La visión de Velasco es desmitificadora e irónica. La Parca se convierte en una figura mediática que llena de esperanza a un grupo de personas pobres que llegan al hospital creyéndose salvadas por el protagonista, quién en realidad, las usa para escapar con vida de la policía.
En una secuencia, una mujer humilde se acerca a repartir comida a los rehenes, una de las rehenes se da cuenta de que la señora lleva una cadena que previamente le fue robada por los raptores, cuando la rehén reclama, la señora «representante del pueblo» se niega a devolverle la prenda a su dueña, porque “me la regaló La Parca ya que es muy bueno”. Otro momento extraordinario, es una secuencia musical que utiliza el tema “agárrense de las manos” de José Luis Rodríguez. Ese interludio musical, sirve para satirizar el culto de las personas que ven en La Parca a un salvador y no a un delincuente.
Los secuestradores de La hora cero no son héroes, son delincuentes, vulgares y aprovechados. Uno, sólo sueña con poseer sexualmente a la Miss Venezuela que se encuentra recluida en el hospital debido a una cirugía estética. El otro, es un ladrón traicionero y sanguinario, quién ejecuta un plan a espaldas de La Parca, negociando con un alcalde corrupto para salvarse él. Y los demás, son dibujados como seres fundamentalmente despreciables, aunque las personas, gracias al manejo interesado de los medios, los sientan como héroes y salvadores. Serán los propios medios, quienes luego de endiosarlos, los condenen a la hoguera.

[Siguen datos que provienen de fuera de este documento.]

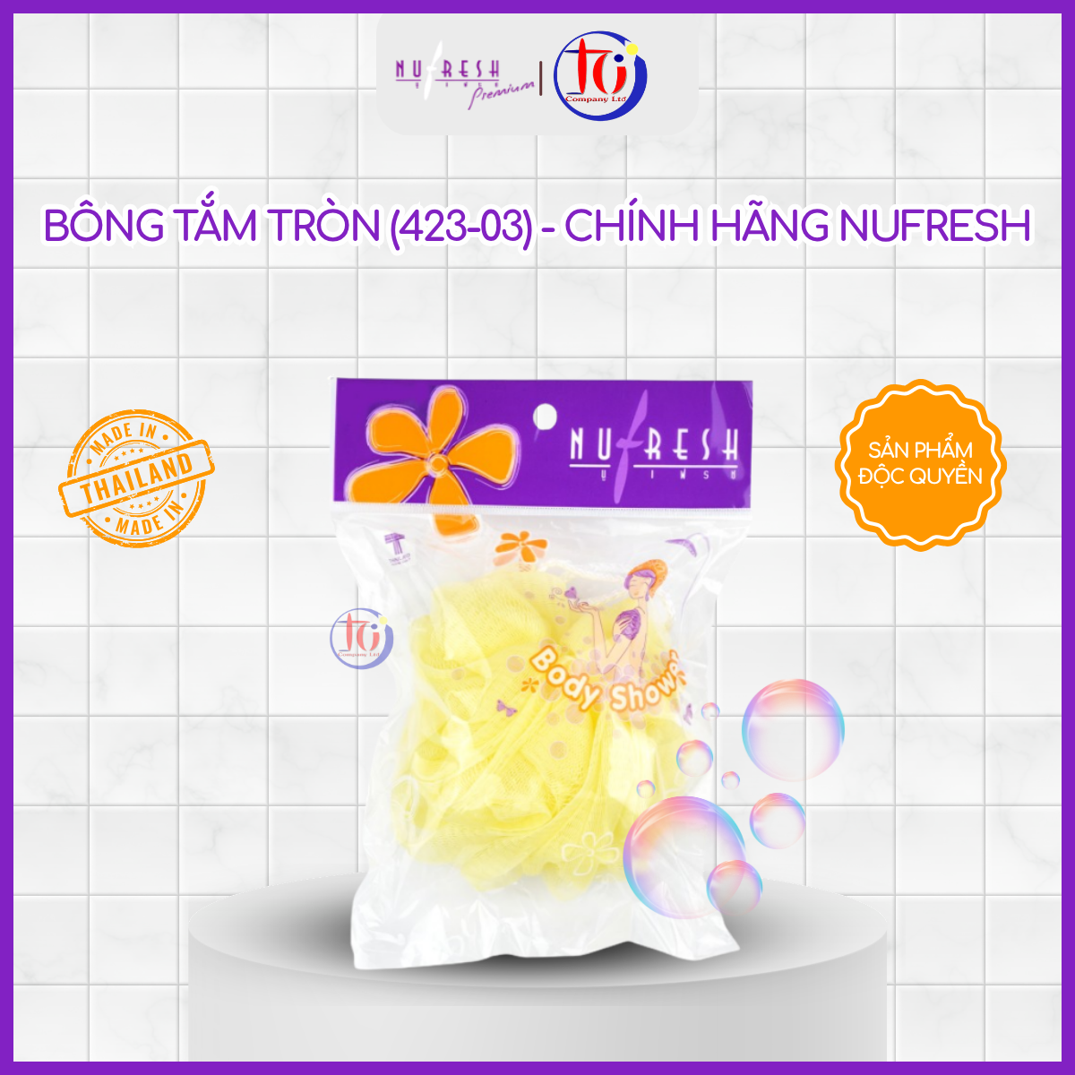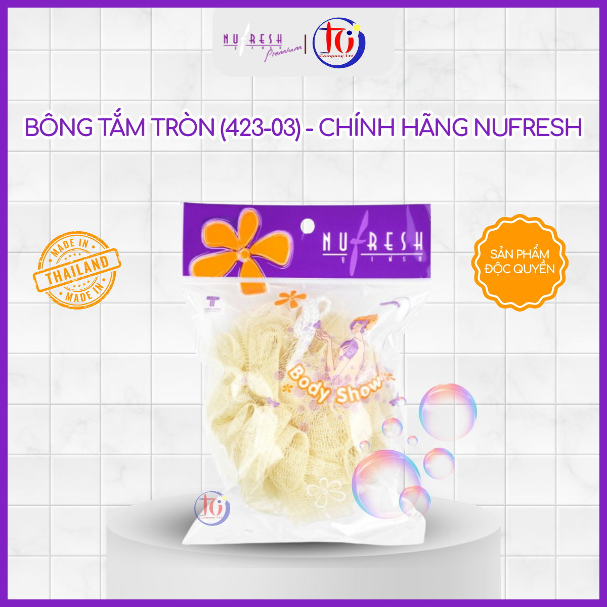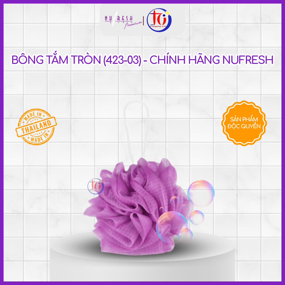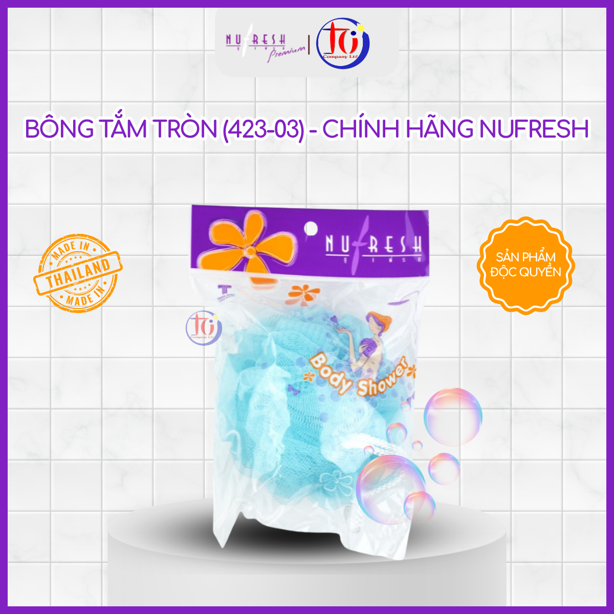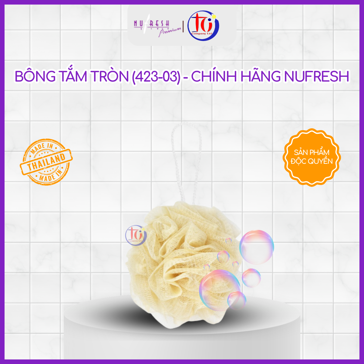 Bông tắm tròn Nufresh được sản xuất tại Thái Lan, thiết kế dạng lưới tròn dày dặn, mềm mại, giúp tạo bọt nhanh và làm sạch da hiệu quả trong mỗi lần tắm.

El ubicar a la película en 1996, es el peor error de la cinta. Esto es una evidente concesión al poder actual. Animos de no incomodar demasiado y un acto de corrección política por parte de los creadores de la película.
Pero más allá de sus errores, tanto Taita Boves como La hora cero, son dos escasas muestras de independencia creativa ante el aluvión de patriotismo barato de nuestras películas recientes.